** Work instructions **
The material below contains a line with "Alastair Fisher (right)" and a line with "В случае версия". Copy exactly those two lines and all lines between them.

** Records to use **
::::

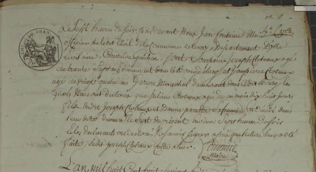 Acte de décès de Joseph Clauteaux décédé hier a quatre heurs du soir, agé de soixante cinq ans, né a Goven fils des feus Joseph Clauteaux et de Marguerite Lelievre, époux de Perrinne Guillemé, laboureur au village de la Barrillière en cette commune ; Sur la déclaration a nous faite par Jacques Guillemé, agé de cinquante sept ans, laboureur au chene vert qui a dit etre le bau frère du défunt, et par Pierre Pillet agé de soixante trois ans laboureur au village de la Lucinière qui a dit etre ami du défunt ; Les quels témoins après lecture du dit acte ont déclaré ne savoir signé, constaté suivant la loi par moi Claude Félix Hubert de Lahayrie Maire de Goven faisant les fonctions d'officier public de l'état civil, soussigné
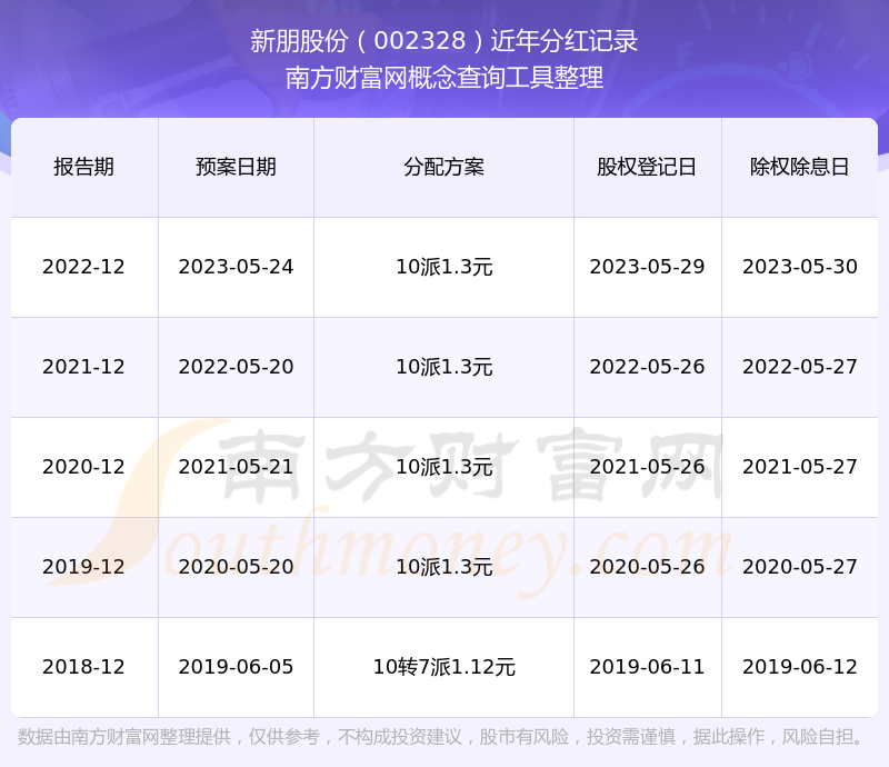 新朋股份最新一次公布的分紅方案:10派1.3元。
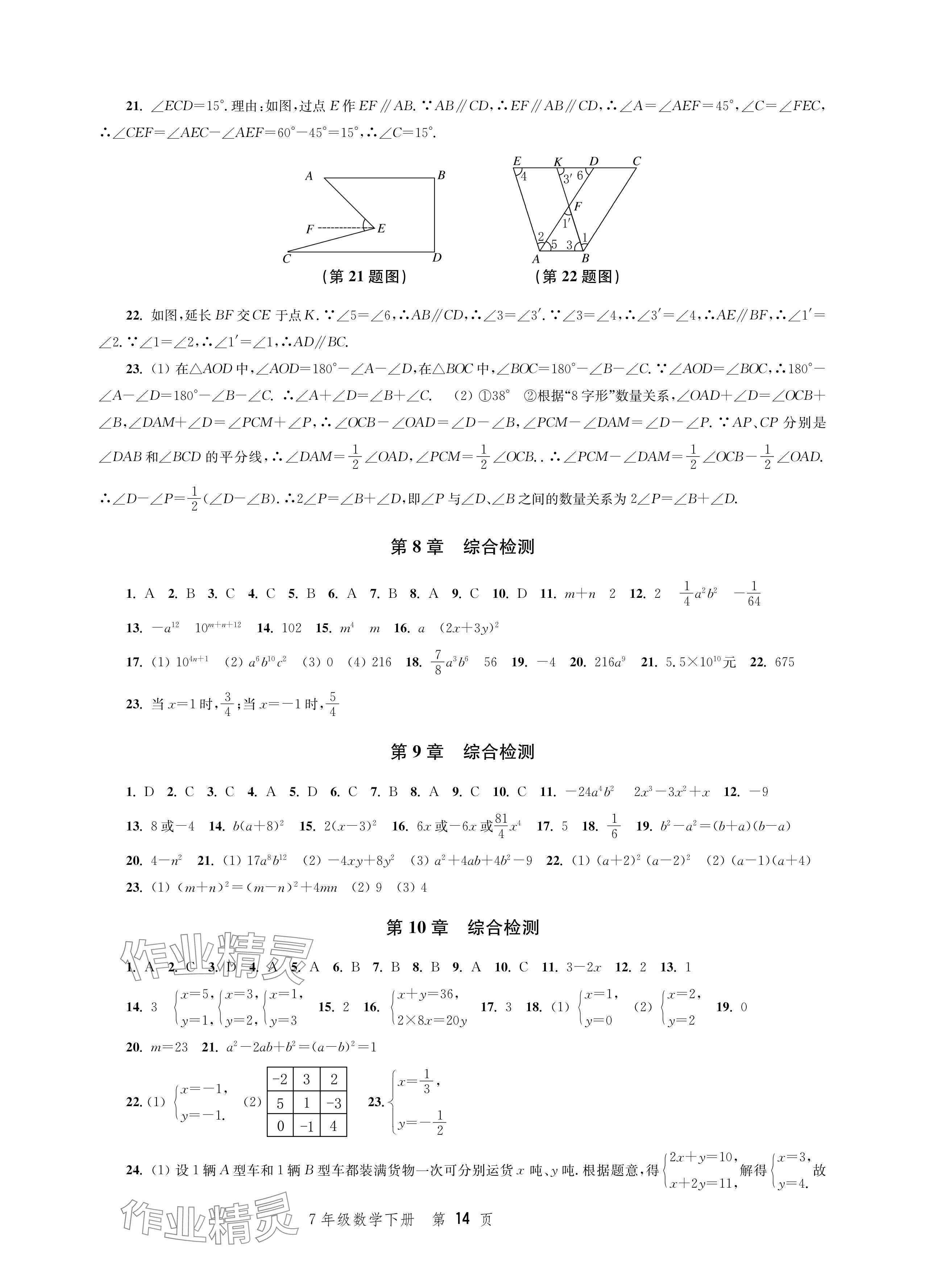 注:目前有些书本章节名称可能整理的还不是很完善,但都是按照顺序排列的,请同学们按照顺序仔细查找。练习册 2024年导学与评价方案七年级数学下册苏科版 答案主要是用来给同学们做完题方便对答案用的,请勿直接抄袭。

::::

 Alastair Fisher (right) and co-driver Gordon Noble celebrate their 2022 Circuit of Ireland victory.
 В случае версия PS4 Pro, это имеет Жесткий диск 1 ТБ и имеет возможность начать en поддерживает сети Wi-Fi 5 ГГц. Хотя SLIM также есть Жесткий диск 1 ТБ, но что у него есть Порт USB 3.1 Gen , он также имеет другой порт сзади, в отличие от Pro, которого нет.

::::

** Answer to this problem **
 Alastair Fisher (right) and co-driver Gordon Noble celebrate their 2022 Circuit of Ireland victory.
 В случае версия PS4 Pro, это имеет Жесткий диск 1 ТБ и имеет возможность начать en поддерживает сети Wi-Fi 5 ГГц. Хотя SLIM также есть Жесткий диск 1 ТБ, но что у него есть Порт USB 3.1 Gen , он также имеет другой порт сзади, в отличие от Pro, которого нет.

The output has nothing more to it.